Whitewash supremacy

A high school in San Francisco has decided to destroy an 83-year-old Depression-era mural of George Washington because of its depictions of racial minorities.

This is odd, for the black laborers and Native Americans depicted in the artwork aren’t shown as blithe companions of their white oppressors. The mural’s 13 panels include images of slaves in cotton fields and a dead Native American man lying face down on the ground at the pioneers’ feet. These make it quite clear that Washington and his peers were far from perfect. Nevertheless, despite this unvarnished realism, the city’s board of education voted unanimously to paint over the mural anyway.

“It’s always an issue when anyone wants to remove or cover or displace art,” Board Vice President Mark Sanchez said, the Washington Post reported, “But there are countervailing issues we had to look at as well. We believe students shouldn’t be exposed to violent imagery — that it’s degrading.”

The Works Progress Administration mural was painted in 1936 by Victor Arnautoff, an artist with communist sympathies. KQED Arts reporter Sam Lefebvre writes that “according to Arnautoff’s biographer Robert Cherny, the artist intended the mural as a ‘counter narrative,’ or a corrective rebuke to the nation’s founding mythology.” But such subtleties are lost on the late-stage social justice movement.

The itch to destroy art appears confined entirely to adults at the school. George Washington High School students, apparently untraumatized by depictions of degrading violence, nearly all support the mural. When an English teacher asked freshmen to write about it, only four out of 49 thought it should be removed. According to the New York Times, at least one student understood Arnautoff’s intention, writing, “The fresco shows us exactly how brutal colonization and genocide really were and are. The fresco is a warning and reminder of the fallibility of our hallowed leaders.”

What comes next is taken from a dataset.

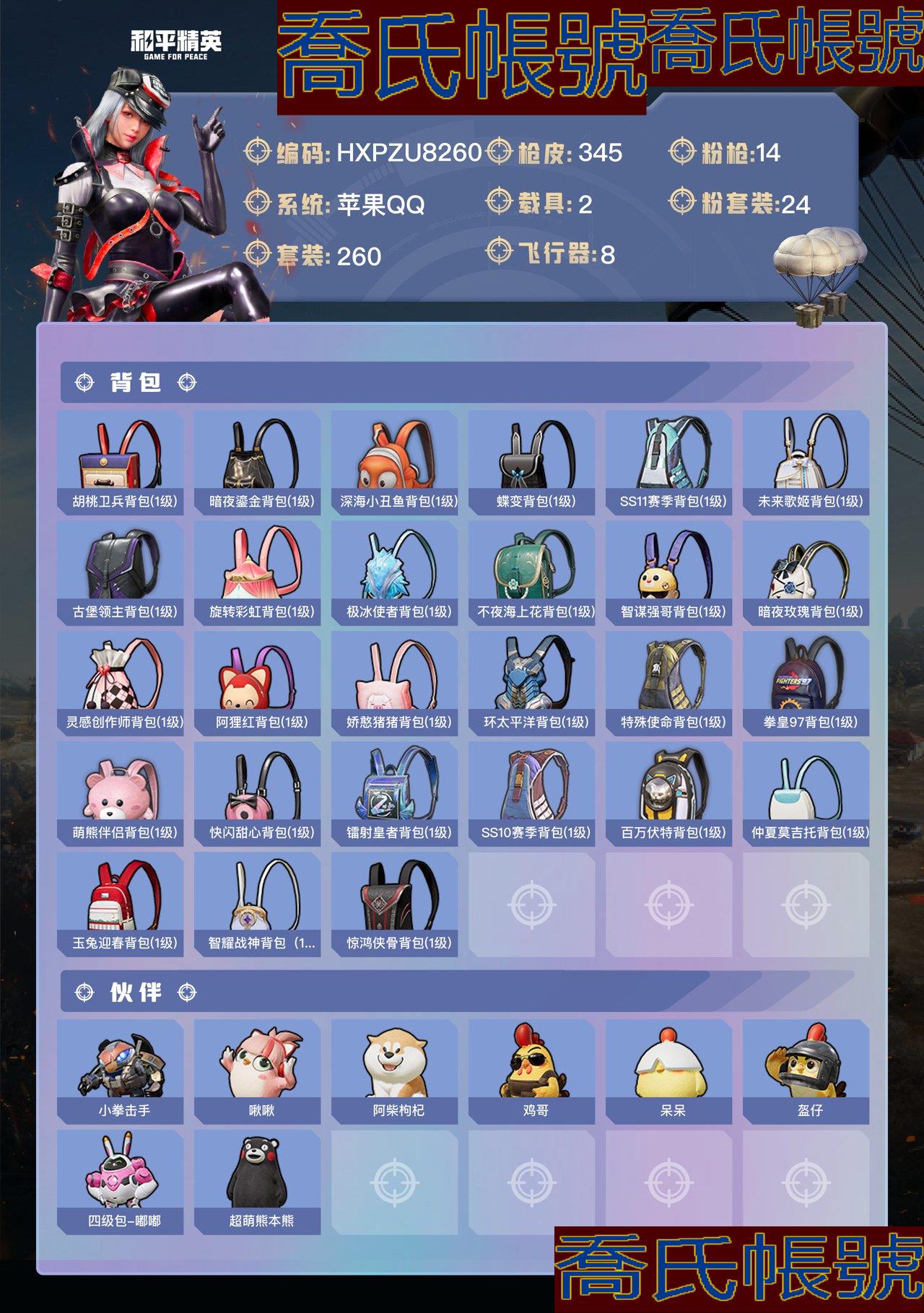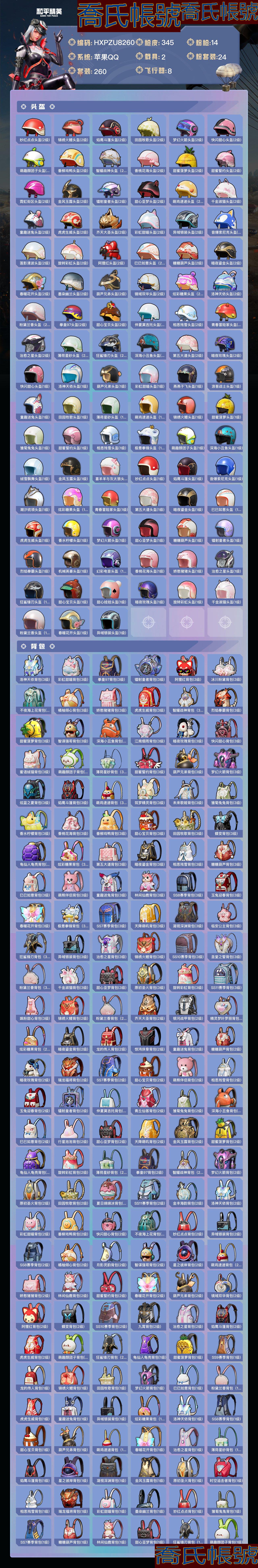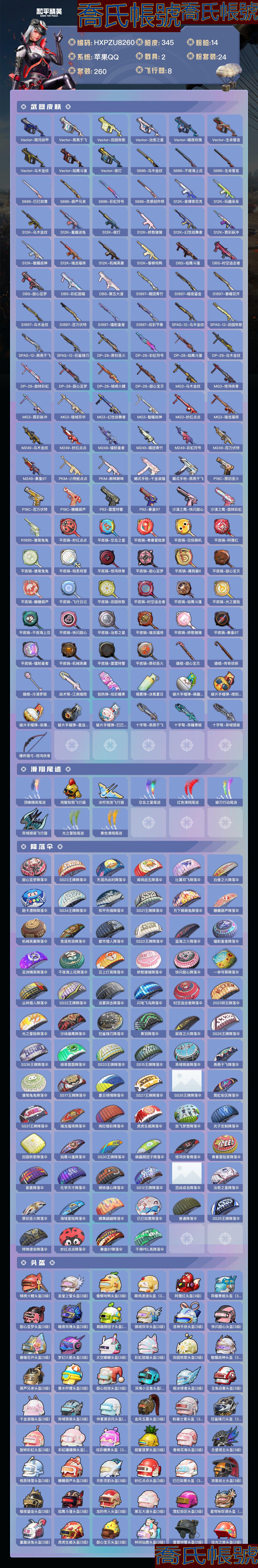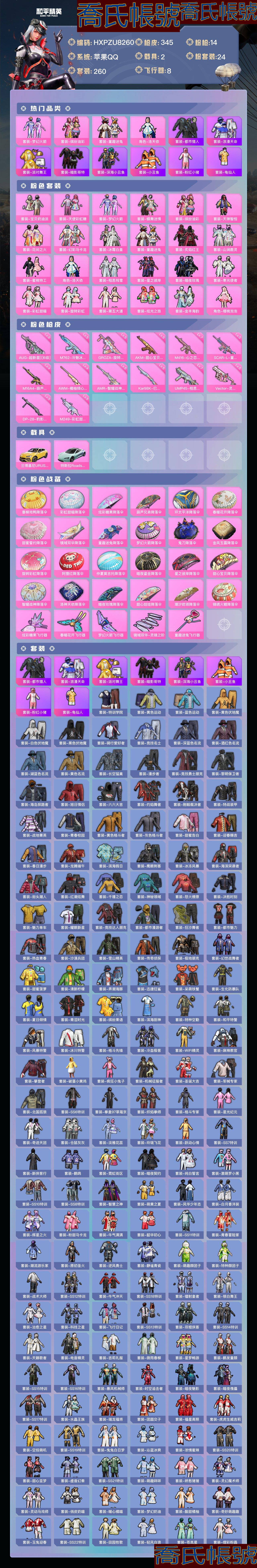【OBHXPZU826042】熱力值:123260,24粉裝,14粉槍,2載具,29粉色戰備,260套裝,345槍械,413裝備,14滑翔尾翼,100降落傘;等級:Lv.74 歷史最高段位:絕世王牌17星 當前段位:超級.王牌5星;王牌印記18次 卓越印記4次 傳奇印記3次 絕世印記1次;地鐵滿天賦; 【熱門品類】:套裝-都市獵人,套裝-浪漫天命,套裝-派對舞王,套裝-暗影哥特,套裝-深海小丑魚,套裝-小丑魚,套裝-粉紅小豬,套裝-龜仙人;【粉色套裝】:粉裝-寶貝奶油派,粉裝-天使彩虹糖,粉裝-夢幻火箭,粉裝-蝶舞迷情,粉裝-繽紛油彩,粉裝-天禪智恆,粉裝-花間之火,粉裝-幻彩馬卡龍,粉裝-冰霜白皇,粉裝-童趣迷兔,粉裝-炙焰紅王,粉裝-山澗鹿靈,粉裝-蜜桃特工,角色-洛天依,粉裝-相思殘雪,粉裝-星之彼岸,粉裝-暗夜玫瑰,粉裝-寒光使者,粉裝-彩虹甜喵,粉裝-旋轉彩虹,粉裝-第五大道,粉裝-炫光之旅,粉裝-金豐海韻,角色-櫻桃泡泡;【粉色槍械】:AUG-超新星[6級],M762-冷魅冰騎[5級],GROZA-旋轉彩虹[5級],AKM-甜心寶貝[5級],M416-心之戀語[7級],SCAR-L-童趣迷兔[5級],M16A4-葫蘆兄弟[4級],AWM-橘柚傾心[4級],AMR-智耀戰神[6級],Kar98K-巳巳如意[5級],UMP45-相思殘雪[7級],Vector-靈感創作師[5級],DP-28-豹影疾電[5級],M249-彩虹甜喵[5級];【粉色載具】:蘭博基尼URUS(明豔黃),特斯拉Roadster(水滴藍);【粉色滑翔尾翼】:炫彩糖果飛行器,春暖花開飛行器,夢幻火箭飛行器,鏡域雙華-靈鏡之階,童趣迷兔飛行器;【粉色降落傘】:垂柳戲鴨降落傘,彩虹甜喵降落傘,炫彩糖果降落傘,葫蘆兄弟降落傘,環太平洋降落傘,春暖花開降落傘,甜蜜誓約降落傘,鏡域雙華降落傘,童趣迷兔降落傘,夢幻火箭降落傘,鬼刀降落傘,金風玉露降落傘,旋轉彩虹降落傘,阿狸紅降落傘,仲夏莫吉托降落傘,暗夜鎏金降落傘,星之彼岸降落傘,甜心寶貝降落傘,智耀戰神降落傘,洛神天依降落傘,暗夜玫瑰降落傘,甜心娃娃降落傘,潮汐統領降落傘,錦繡火鯉降落傘;【其他套裝】:套裝-特訓學院,套裝-黃色運動,套裝-藍色運動,套裝-黃色伏地魔,套裝-白色伏地魔,套裝-黑色伏地魔,套裝-騎行愛好者,套裝-競技名士,套裝-深藍色名流,套裝-酒紅色名流,套裝-湖藍色名流,套裝-黃色名流,套裝-長空猛禽,套裝-漫步者,套裝-競技勇士朋克,套裝-黎明保衛者,套裝-海島探路者,套裝-旭日情侶,套裝-六六大吉,套裝-灼焰舞者,套裝-剛毅裁決者,套裝-特戰裝甲,套裝-戰地菁英,套裝-青春校園,套裝-黃色格鬥者,套裝-灰色格鬥者,套裝-甜蜜告白,套裝-迎春賜吉,套裝-春日漫步,套裝-龍騰端午,套裝-濱海假日,套裝-鷹眼刺客,套裝-冰凍風暴,套裝-海濱突襲者,套裝-街頭潮人,套裝-紅潮炫舞,套裝-千禧之戀,套裝-神秘領域,套裝-怒火燎原,套裝-決勝時刻,套裝-魅力單車,套裝-耀眼新星,套裝-競技達人朋克,套裝-都市漫遊者,套裝-狂沙舞者,套裝-都市魅力,套裝-熱血青春,套裝-沙漠兵團,套裝-雪山精英,套裝-傳奇偵探,套裝-極地朋克,套裝-幻世戰舞者,套裝-甜蜜菠蘿,套裝-清新檸檬,套裝-弄潮海豚,套裝-迅捷狂鯊,套裝-呆萌鐵蟹,套裝-生化防暴隊,套裝-夏日傾情,套裝-青澀時光,套裝-繽紛果語,套裝-濱海廚神,套裝-特種空勤,套裝-和平特警,套裝-風暴特警,套裝-冰川特警,套裝-格鬥先鋒,套裝-冷血極客,套裝-WiFi精靈,套裝-麻辣教官,套裝-攀登者,套裝-破蛋小黃雞,套裝-瘋狂小兔子,套裝-機械征服者,套裝-聖誕大吉,套裝-軍械專家,套裝-北國孤狼,套裝-SS6特訓,套裝-拳皇97草薙京,套裝-熾焰拳師,套裝-格鬥專家,套裝-星光紀元,套裝-奇蹟天團,套裝-倉鼠灰灰,套裝-淡雅花蕊,套裝-玲瓏飛花,套裝-躍動心情,套裝-SS7特訓,套裝-新俠客行,套裝-鶴鳴,套裝-霓虹街區,套裝-暗夜契約,套裝-純白誓言,套裝-激萌羅小黑,套裝-SS10特訓,套裝-SS8特訓,套裝-智慧之神,套裝-萌黃之夏,套裝-風華少年志,套裝-白月香洋裝,套裝-輝星之火,套裝-粉甜馬卡龍,套裝-牛氣滿滿,套裝-韶華初心,套裝-SS11特訓,套裝-青春冒險家,套裝-潮流遊樂家,套裝-原初聖火,套裝-逆風勇士,套裝-靜謐青瓷,套裝-萌趣顏糰子,套裝-特種顏糰子,套裝-戰術大師,套裝-SS12特訓,套裝-牛氣沖天,套裝-SS18特訓,套裝-鐳射皇者,套裝-銀白舞王,套裝-治癒之星,套裝-科技之星,套裝-飛行日記,套裝-SS13特訓,套裝-雙棍俠客,套裝-SS14特訓,套裝-天籟歌者,套裝-電音精靈,套裝-吉莉禮服,套裝-微雨春柳,套裝-星夢暢遊,套裝-鶴髮童顏,套裝-SS15特訓,套裝-SS16特訓,套裝-暴風機械師,套裝-時空追擊者,套裝-暗夜魅影,套裝-暗夜傀儡,套裝-SS17特訓,套裝-水晶王族,套裝-瑞龍福將,套裝-團圓交子,套裝-福星高照,套裝-虎虎生威吉莉,套裝-空投萌嘰,套裝-SS19特訓,套裝-兔兔白日夢,套裝-沁藍冰爽,套裝-濃情蜜辣,套裝-SS20特訓,套裝-甜心亞夢,套裝-虛音幻奏,套裝-SS21特訓,套裝-萌趣咩咩,套裝-嬌憨豬豬,套裝-靈幻魔術師,套裝-靈動馬戲師,套裝-俏皮奶喵,套裝-暖心橘喵,套裝-夢幻奶油,套裝-酸甜橘柚,套裝-奇妙萌趣趣,套裝-玉兔迎春,套裝-SS22特訓,套裝-田園牧歌,套裝-輕風白浪,套裝-蒼嵐星,套裝-熠彩粉晶,套裝-光之冒險,套裝-緋格組合,套裝-SS23特訓,套裝-萊茵河畔,套裝-香榭午後,套裝-妙紅點點,套裝-幻彩翩翩,套裝-王牌教練,套裝-檸萌假日,套裝-SS24特訓,套裝-SS25特訓,套裝-驚鴻俠骨,套裝-錦衣飛揚,套裝-晨曦薄霧,套裝-果汁能量,套裝-龍的傳人,套裝-SS26特訓,套裝-快閃甜心,套裝-春光漫遊,套裝-空島之星,套裝-貝斯之夜,套裝-焰鷹斗篷,套裝-幻羽潛行,套裝-SS27特訓,套裝-戀語絨

The blinkered iconoclasts say American art habitually fails to to depict black and Native American heritage in a clear-eyed manner, but they can’t see that the 1,600 foot mural does exactly that.

It will cost $600,000 to wreck the mural, which Sanchez said was small change in pursuit of “reparations.” Lope Yap Jr., vice president of the schools alumni association told the Post that anti-mural activists accuse opponents of white supremacy.

He told KQED Arts that the alumni association will sue if necessary. A meeting of minds seems unlikely. “Anything less than whitewashing, for the opposition, would be a compromise,” he said.